The decisions reached at the group's weekly meetings -- from coordinated advertising and public relations to back-channel communications -- changed the nature of union politics in the city of Boston this year, the mayor and labor leaders agree. It also undermined Menino's efforts to isolate the Boston Police Patrolmen's Association as a rogue union.

''It magnified our strength enormously," said Peter Wright, who hosted the meetings at the local headquarters of the American Federation of State, County, and Municipal Employees. ''The unity coalition has produced a result that has forced the mayor to deal with the workers in unison, rather than individually."

The seeds of cooperation planted at that first meeting helped defeat a project labor agreement Monday that could have kept private sector trade unions from striking. Local labor leaders continued to help each other as late as yesterday: As Menino aides worked furiously to settle a contract with the local affiliate of Service Employees International Union, SEIU leaders on the picket line were keeping members of the police union updated on their talks.

Menino acknowledged that this has been a labor year like no other in his 10-plus years as mayor, in part because of the activities of the Unity Coalition. The increased communication among unions has been complicated by the fact that the city has less money to spend on raises, he said. Twenty of the city's 32 unions still lack contracts, though 62 percent of the city workforce has deals in place.

''It's different than it has been in the past," the mayor said. ''I mean, it's like they keep checking each other -- 'what's more, let's get more.' But you know, each one of the unions is different, and we have different obligations to different unions."

Now that the Boston Police Patrolmen's Association has made its point, its leaders will show their true intentions with their next move, said US Representative Michael E. Capuano, a Somerville Democrat. Capuano said the union's negotiations with the city have resembled the typical ''dance" to date, but it is not yet clear whether union leaders are more interested in getting a settlement or in embarrassing Menino and Senator John F. Kerry, the presumptive Democratic presidential nominee.

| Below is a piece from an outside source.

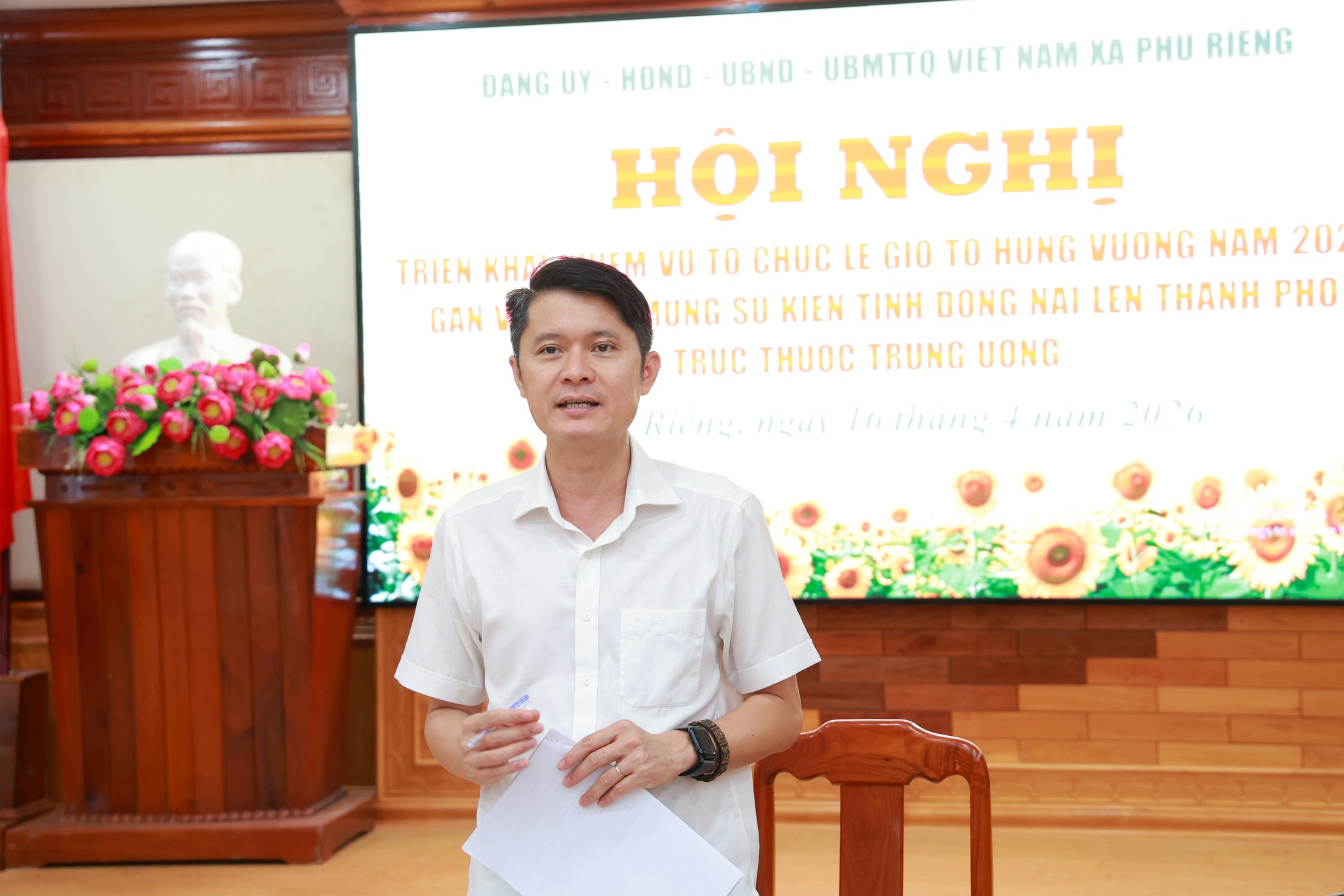 <figure class="image"><img style="aspect-ratio:625/416;" src="https://phurieng.dongnai.gov.vn/uploads/phurieng/news/2026_04/image_15.jpeg" width="625" height="416" /></figure><p style="text-align:center;"><i><strong>Các đại biểu tham dự hội nghị</strong></i></p><p style="text-align:justify;">Tại hội nghị, các đại biểu đã thảo luận, đóng góp nhiều ý kiến và thống nhất các nội dung trọng tâm nhằm tổ chức phần lễ trang nghiêm, thành kính; phần hội vui tươi, lành mạnh, tạo không khí phấn khởi trong nhân dân, qua đó tiếp tục lan tỏa giá trị truyền thống “Uống nước nhớ nguồn”.</p><figure class="image"><img style="aspect-ratio:624/416;" src="https://phurieng.dongnai.gov.vn/uploads/phurieng/news/2026_04/image_12.jpeg" width="624" height="416" /></figure><figure class="image"><img style="aspect-ratio:625/416;" src="https://phurieng.dongnai.gov.vn/uploads/phurieng/news/2026_04/image_14.jpeg" width="625" height="416" /></figure><p style="text-align:center;"><i><strong>Các đại biểu đã thảo luận, đóng góp ý kiến</strong></i></p><p style="text-align:justify;">Công tác tuyên truyền, hậu cần, khánh tiết, trang trí, bảo đảm an ninh trật tự, y tế, vệ sinh môi trường, cùng các hoạt động văn hóa – văn nghệ, trò chơi dân gian, background chụp hình và trưng bày gian hàng “Hương sắc Phú Riềng”… được phân công cụ thể cho các cơ quan, đơn vị, 19 thôn và các trường học trên địa bàn, bảo đảm đồng bộ, hiệu quả.</p><p style="text-align:justify;">Trong khuôn khổ phần hội còn diễn ra hoạt động giao lưu văn nghệ với chủ đề “Hướng về nguồn cội – Đồng Nai cất cánh từ thế hệ trẻ”, góp phần cổ vũ tinh thần đoàn kết, khơi dậy niềm tự hào quê hương trong cán bộ, đảng viên và nhân dân.</p><p style="text-align:justify;">Lễ Giỗ Tổ Hùng Vương năm 2026 tại xã Phú Riềng dự kiến diễn ra trong 2 ngày, từ 25 đến 26-4-2026 (tức ngày 9-10/3 âm lịch).</p><figure class="image"><img style="aspect-ratio:625/416;" src="https://phurieng.dongnai.gov.vn/uploads/phurieng/news/2026_04/image_13.jpeg" width="625" height="416" /></figure><p style="text-align:center;"><i><strong>Phó Chủ tịch UBND xã Trần Văn Thảo kết luận hội nghị</strong></i></p><p style="text-align:justify;">Phát biểu kết luận hội nghị, Phó Chủ tịch UBND xã Trần Văn Thảo yêu cầu các cơ quan, đơn vị, các thôn và trường học trên địa bàn xã khẩn trương xây dựng kế hoạch cụ thể, phân công nhiệm vụ rõ người, rõ việc, rõ tiến độ; tăng cường phối hợp chặt chẽ, bảo đảm các điều kiện cần thiết để tổ chức Lễ Giỗ Tổ Hùng Vương năm 2026 diễn ra trang trọng, an toàn, ý nghĩa.</p><p style="text-align:justify;">Đồng chí nhấn mạnh, cần đặc biệt chú trọng công tác tuyên truyền, tạo không khí sôi nổi, lan tỏa sâu rộng trong cán bộ, đảng viên và nhân dân về ý nghĩa của ngày Giỗ Tổ, qua đó khơi dậy tinh thần đoàn kết, lòng tự hào dân tộc, góp phần thiết thực chào mừng sự kiện tỉnh Đồng Nai trở thành thành phố trực thuộc Trung ương.</p><p style="text-align:right;">Vũ Nguyện</p>

''If it's going to impact the presidential election -- and it's not at that point yet -- you have to wonder about their political agenda," said Capuano, a former mayor of Somerville. ''What do they want? Where are we in the dance? It's hard to tell."

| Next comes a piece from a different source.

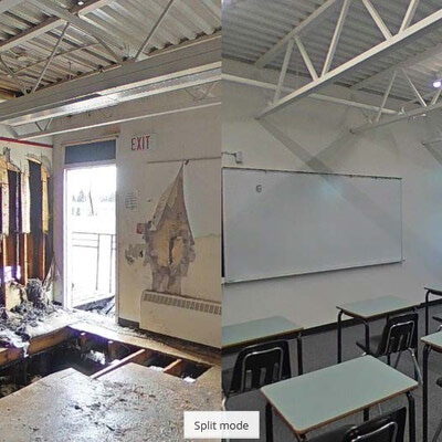 ChallengeWhile the main school building was unaffected, the portables sustained extensive structural damage along with significant fire, smoke, soot, char, and ash contamination. |

The true test of support for the picket line could come this morning, when US marshals clear a path for Teamsters who are scheduled to deliver supplies and equipment at the FleetCenter. Menino expressed confidence that plenty of workers and supplies will get to the job site today, after a judge ruled that protesters must make way for entering vehicles.

Menino has tried to isolate the police union by settling city contracts with SEIU Local 888 and Boston Firefighters Local 718, so the patrolmen would be the only large city union without a contract.

But that's been slow going, and the fact that so many private-sector building trade union members are honoring the picket line caught convention organizers and Menino by surprise. Myles Calvey, business manager of Local 2222 of the International Brotherhood of Electrical Workers, said some union leaders who are ordering workers to go to the FleetCenter are having members balk at crossing a picket line.

''Don't lose sight of this: It's one thing what the leaders say; it's another thing doing it as a member," said Calvey, whose union of Verizon workers is refusing to cross the picket line.

Menino never wanted to get to this point. Last October, he convened a meeting of local labor leaders -- many of them members of the Unity Coalition -- at the Parkman House, and said he would seek to settle all city contracts by the end of January, a full six months before the convention.

But as Menino's team made initial offers to unions, the union leaders ran the terms by fellow members of the coalition, who counseled them to push for more in terms of salary and other concessions. The information-sharing strategy prevented Menino from getting unions to settle on the cheap, and the mayor wasn't able to ink his first agreement until March. Meanwhile, the coalition was busy influencing public opinion, which is often vital in negotiations with public-employee unions, since they are forbidden by law to strike.